Elementos outros, como intuição, percepção e ultrapassagem, impõem-se
sobre os ordenamentos e seletividades típicos da razão. O
saber artístico não é apanágio do artista. O artista é um iluminado
temporário que dá expressão a algo que o aflige encanta ou desafia. O
artista é, como habitualmente se pensa (sobretudo o artista escritor),
alguém que deu solução a seus conflitos (ah, que bom seria...), e sim
alguém que dá expressão a eles. O
saber artístico tanto é apanágio do artista como de quem está do outro
lado, o receptor da mensagem: o público.

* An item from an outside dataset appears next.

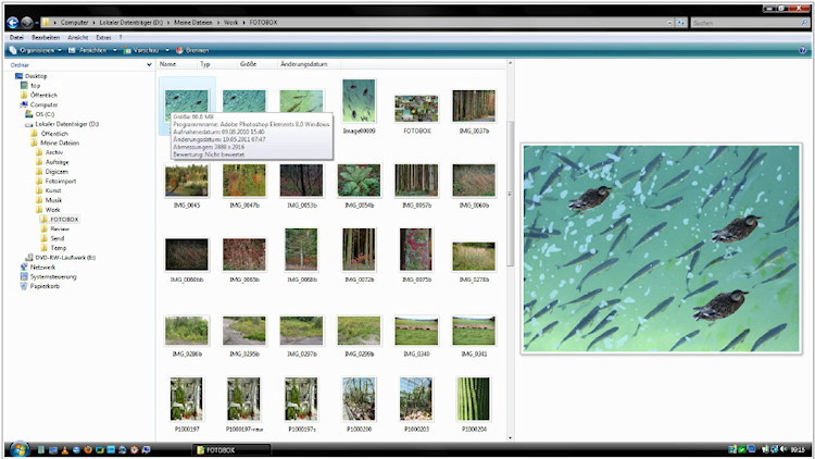Ich selber bevorzuge allerdings das Verwalten nach traditioneller Art. Die Ordner- und Dateinamenverwaltung hat nämlich den Vorteil, dass sie Plattform und Programm unabhängig funktioniert. Hier eine kurze Beschreibung meines derzeitigen Systems: Ich arbeite mit Windows Computern. Damit der Windows Explorer auch meine Photoshop-Dateien als Bild anzeigen kann, habe ich das kleine aber sehr nützliche Programm PSDcodec installiert. Auf der zweiten Partition meiner Festplatte, also zum Beispiel Laufwerk (D) befinden sich alle meine «Eigenen Dateien». Im Laufe der Jahre habe ich eine sinnvolle Ordnerstruktur erarbeitet. Diese erlaubt es mir, einzelne Dateien schnell und ohne zu suchen zu finden. Für die archivierten Dateien schreibe ich Dateinamen, die aus mehreren Abkürzungen von Stichwörtern bestehen. Ein Dateiname kann also wie folgt aussehen: «fac.pla.flo.gre.2011.04.22.14.52.00.jpg». «fac» steht für face, «pla» steht für plant. Die englische Sprache verträgt sich besser mit dem Computer als die deutsche Sprache mit ihren Umlauten. Dateinamenregeln finden Sie auf wiki/dateinamen. Wenn ich nun einmal alle meine Fotos zum Thema Pflanzen in einem Bildfenster betrachten möchte, gebe ich in der Windows Explorer Suche das Stichwort «pla» ein und schon habe ich meinen Bildschirm voller Pflanzenbilder.

Este tem uma forma própria de
perceber realidades que são muito mais bem expressas pelos artistas do
que pelos pragmáticos e eruditos. O
artista mantém uma relação inter/ativa com o público e a sociedade. É
o elo com os elementos abafados no povo (sensibilidade, emoção,
sentimento). Os demais saberes, pragmáticos e eruditos, sendo apenas
intelectuais, às vezes perdem essa relação. O artista retoma-a,
estabelecendo nexos novos com pessoas que são tão artistas quanto ele,
apenas não são ativos; são artistas passivos: os receptores. Tanto
é artista quem faz arte e comunicação, como quem recebe. Saber receber
arte em extensão e profundidade é tão artístico quanto fazê-la. Não
há qualquer diferença! Ora,
o povo sabe receber arte: profunda, superficial, erudita, folclórica,
atada ao consumo, liberta dele, tanta paz! O povo sabe entrar em relação
com sentimentos profundos, independentemente de os conceituar! A arte
permite essa relação. A moderna comunicação de rádio, TV e jornal,
também. A
beleza nem sempre está na obra. Pode estar no apreciador! Quantas vezes
um grande apreciador é mais artista que certos criadores?